As ransomware incidents and state-sponsored cyber threats rise in sophistication and impact across the world, national security and defense agencies are trying to strengthen defenses accordingly.
While a number of strategies are in play to meet evolving threats, the National Security Agency and Department of Navy are tightening collaboration and training to help agencies significantly improve their overall cybersecurity postures.
NSA Cybersecurity Collaboration Center Subject Matter Expert Dr. Josiah Dykstra said at GovCIO Media & Research’s Blueprints of Tomorrow event Thursday that collaboration allows public and private entities to create community, as well as share key data and important information to understand the threat landscape. NSA is trying to foster this community now with its bi-directional information-sharing with more than 200 partners.
“We talk together physically and virtually about what we are seeing and how we can learn from each other — that is the real value of those partnerships,” Dykstra said. “By our account we’ve had more than 4000 analytic exchanges this year alone. This isn’t just talk. It is real exciting to see it in practice.”
Dykstra said NSA has also started providing defense companies with several cybersecurity services, including the Protective Domain Name System.
“In the pilot of this program we’ve processed more than 3 billion queries and blocked more than 6 million malicious domains, including spear phishing and malware, so we know that it works and that it’s stopping bad things,” Dykstra said.
NSA is also fostering collaboration across other agencies to strengthen cybersecurity efforts. Dykstra said that software bill of materials can help align software security with the Pentagon’s new software modernization strategy.
NSA has been collaborating with CISA and others in the cybersecurity community to try and figure out what are the right requirements and uses for SBOM.
“It has emerged as one of the key building blocks for cybersecurity, it won’t solve all of our problems, but it is an advancement to help the software supply chain and many people across cyber ecosystem recognize that,” Dykstra said. “I look forward to its implementation and the broad adoption, but I think we will learn a lot of lessons as we refine this model but it’s leading us in a very good direction.”
The Navy is also working on ways to address vulnerabilities that software dependencies can pose for DOD missions, the agency’s Principal Cyber Advisor Chris Cleary added.
Cleary also noted that the Defense Department has focused on collaboration across its own the workforce — especially around holding everyone to similar standards for cyber awareness and training.

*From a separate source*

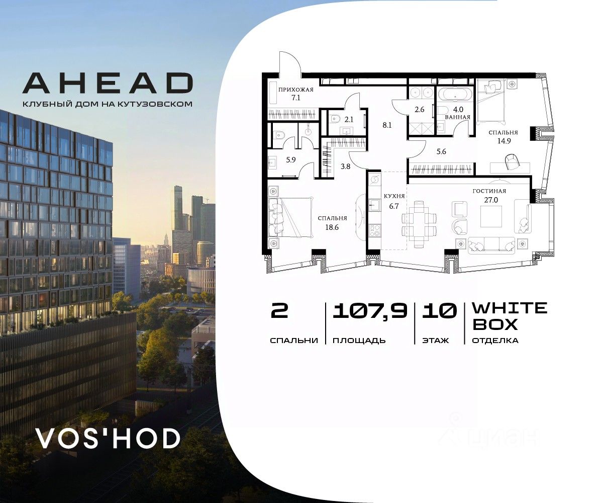 Апартамент в клубном доме премиум-класса AHEAD площадью 107,9 кв.м. на 10-м этаже с двумя спальнями и просторной кухней-гостиной. Потолок высотой 3,2 м. Панорамные окна выходят на Парк Победы и Москва-Сити откуда открываются потрясающие виды. Инженерное оснащение выполнено с учетом современных технологических решений: централизованная система кондиционирования VRF с возможностью регулировки температурного режима в каждом помещении, скрытые бесшумные воздуховоды, качественная звукоизоляция, устанавливаются внутрипольные конвекторы. Двухкамерные стеклопакеты Schco с алюминиевым профилем, обладают высокими показателями шумопоглощения и оснащены возможностью проветривания. Стекла покрыты светоотражающим напылением. Отделка White box.

“We’re aggressively pursuing this and keeping the workforce aware of vulnerabilities that they present with using equipment,” Cleary said. “Everyone could be the savior, or everyone could be the problem. Spear phishing can really get you. It’s just continuing to build that awareness — you can be anywhere in the ecosystem and be a part of the attack surface.”
From a culture perspective, Cleary added that the Navy is trying to enforce the idea of “fighting hurt.”
“You’re going to have systems that are compromised, whether it’s restoration processes or learning how to operate without certain pieces of technology,” Cleary said. “When we get into the fight, we aren’t going to have the advantage of turning everything off. … Some things are going to be degraded and there are certain levels of risk we must be willing to accept in the way that we execute mission. I think that’s the kind of attitude to have moving forward. There will never be a perfectly patched system.”